Abstract

In special application scenarios, such as portable anesthesia depth monitoring, portable emotional state recognition and portable sleep monitoring, electroencephalogram (EEG) signal acquisition equipment is required to be convenient and easy to use. It is difficult to remove electrooculogram (EOG) artifacts when the number of EEG acquisition channels is small, especially when the number of observed signals is less than that of the source signals, and the overcomplete problem will arise. The independent component analysis (ICA) algorithm commonly used for artifact removal requires the number of basis vectors to be smaller than the dimension of the input data due to a set of standard orthonormal bases learned during the convergence process, so it cannot be used to solve the overcomplete problem.
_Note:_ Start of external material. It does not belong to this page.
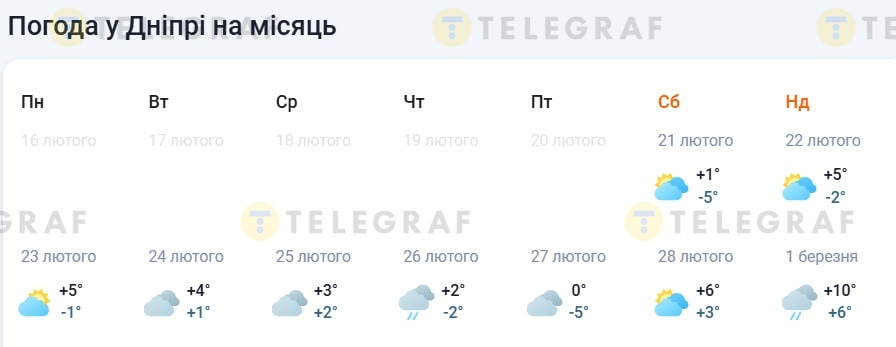 Напомним, ранее "Телеграф" писал, что в Днепре в эти выходные, 21 и 22 февраля, синоптики прогнозируют сильные ночные морозы до -15 градусов.

The empirical mode decomposition method decomposes the signal into several independent intrinsic mode functions so that the number of observed signals is more than that of the source signals, solving the overcomplete problem. However, when using this method to solve overcompleteness, the modal aliasing problem will arise, which is caused by abnormal events such as sharp signals, impulse interference, and noise. Aiming at the above problems, we propose a novel EEG artifact removal method based on discrete wavelet transform, complete empirical mode decomposition for adaptive noise (CEEMDAN) and ICA in this paper. First, the input signals are transformed by discrete wavelet (DWT), and then CEEMDAN is used to solve the overcomplete and mode aliasing problems, meeting the a priori conditions of the ICA algorithm. Finally, the components belonging to EOG artifacts are removed according to the sample entropy value of each independent component. Experiments show that this method can effectively remove EOG artifacts while solving the overcomplete and modal aliasing problems.